Sleep Review: What is the primary goal you would like to achieve as AASM president? In your opinion, what will the field of sleep medicine look like in 5 years?
Fleishman: When I began my term as AASM president in June, one of my primary goals was to improve our Standards for Accreditation to ensure that patients with sleep disorders receive the highest quality of care from accredited sleep facilities. I chaired an expert task force that reviewed the current standards for all of our accreditation programs to address inconsistencies and develop a more uniform approach, concentrating on issues related to quality, safety, measurability, and an evolving comprehensive and longitudinal care model. I am proud of the work that the task force did on these revisions, which were reviewed by the board and presented to the membership for comment in November. It is anticipated that the revised standards will be finalized in January 2013.
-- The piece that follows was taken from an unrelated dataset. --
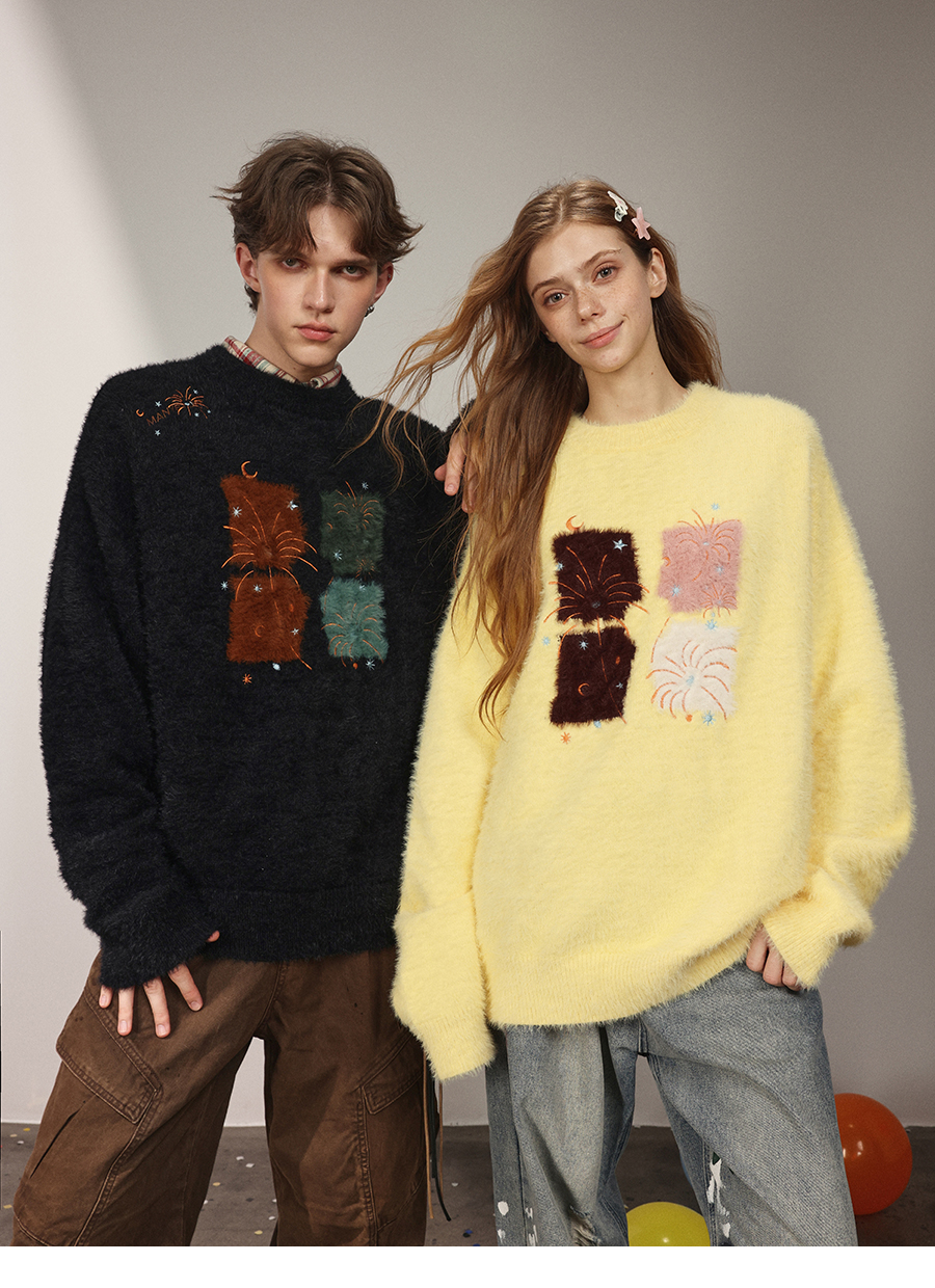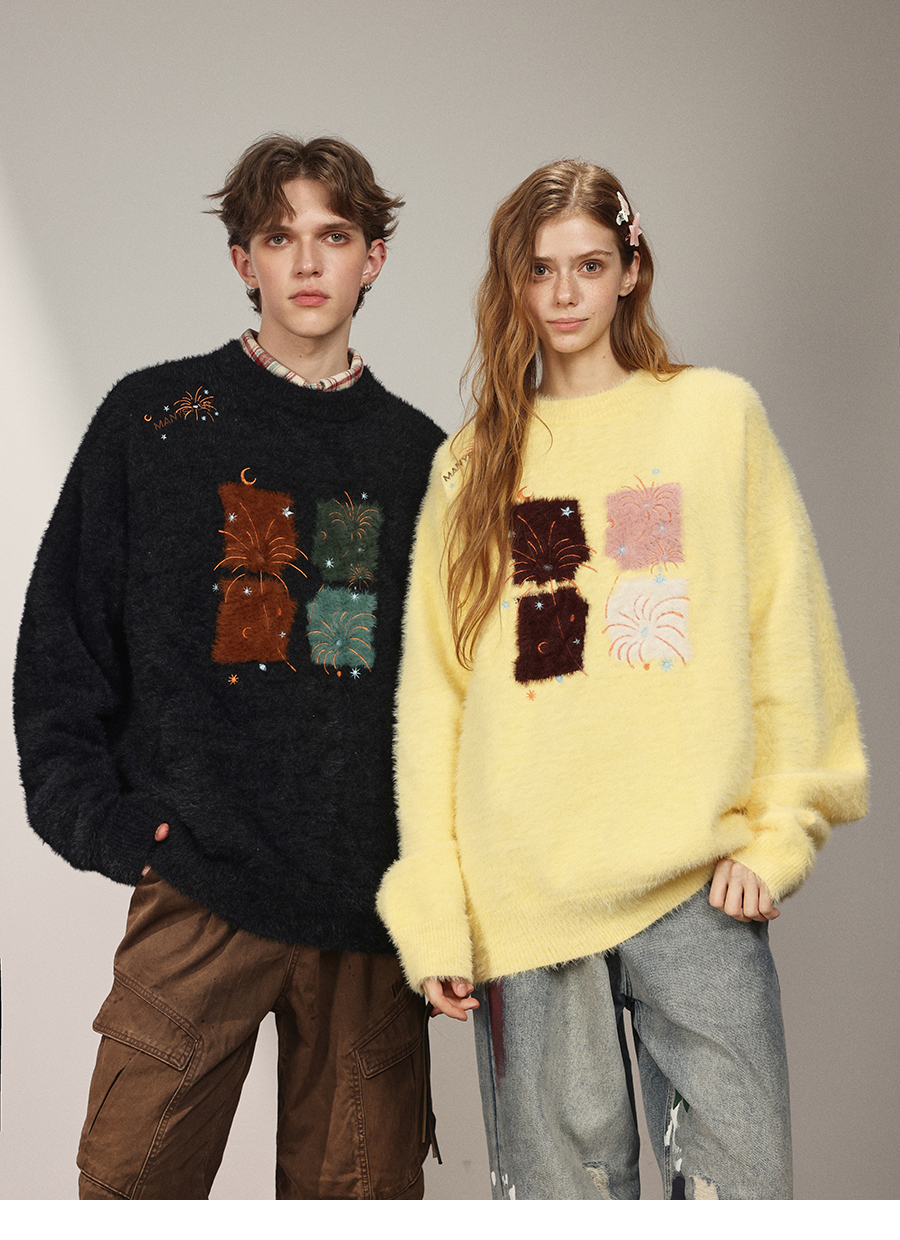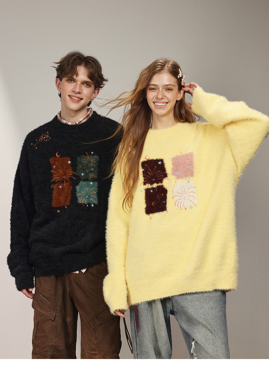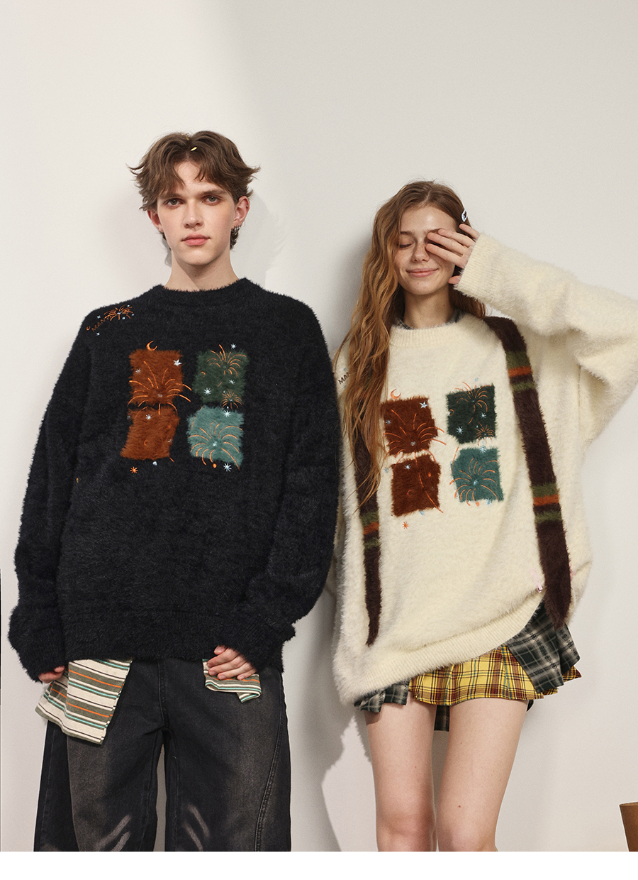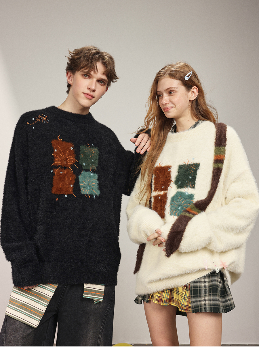 [Celebrity Style] Manyston American High Street Embroidered Sweater for Men, Spring and Autumn Couple's Round Neck Knitwear

My overarching goal has been and continues to be to provide the leadership necessary for the AASM to continue advancing the field of sleep health care in these challenging economic times. Since its establishment in 1975, the AASM has played the leading role in the growth and development of sleep medicine as a medical subspecialty, and I expect this to continue.
I also expect that the field of sleep medicine will look much different in 5 years. It is certain that most sleep centers will be performing much more out of center sleep testing than they are doing today, simply as a result of cost-containment measures being implemented by insurers. This will require the reallocation of the workforce in the sleep center, with more daytime staff educating patients and operating an out of center sleep testing (OCST) program. The increase in OCST will correlate with a significant increase in clinical activity at sleep centers. Providers will spend more time working with patients to improve therapeutic adherence, manage long-term treatment, and track outcomes. I intend to continue to advance initiatives to assist and guide our centers and membership to make this significant transition.
At the same time, the patients that we see in the sleep center for overnight polysomnography will be those with the most complex medical histories, comorbidities, and sleep problems. Staff working the night shift will need to be highly skilled and capable of providing exceptional medical care in challenging circumstances.
I believe that AASM accreditation will continue to be the gold standard for the field, and demand will be high for the specialized medical care provided by board-certified sleep medicine physicians and the team of health care professionals at AASM-accredited sleep centers.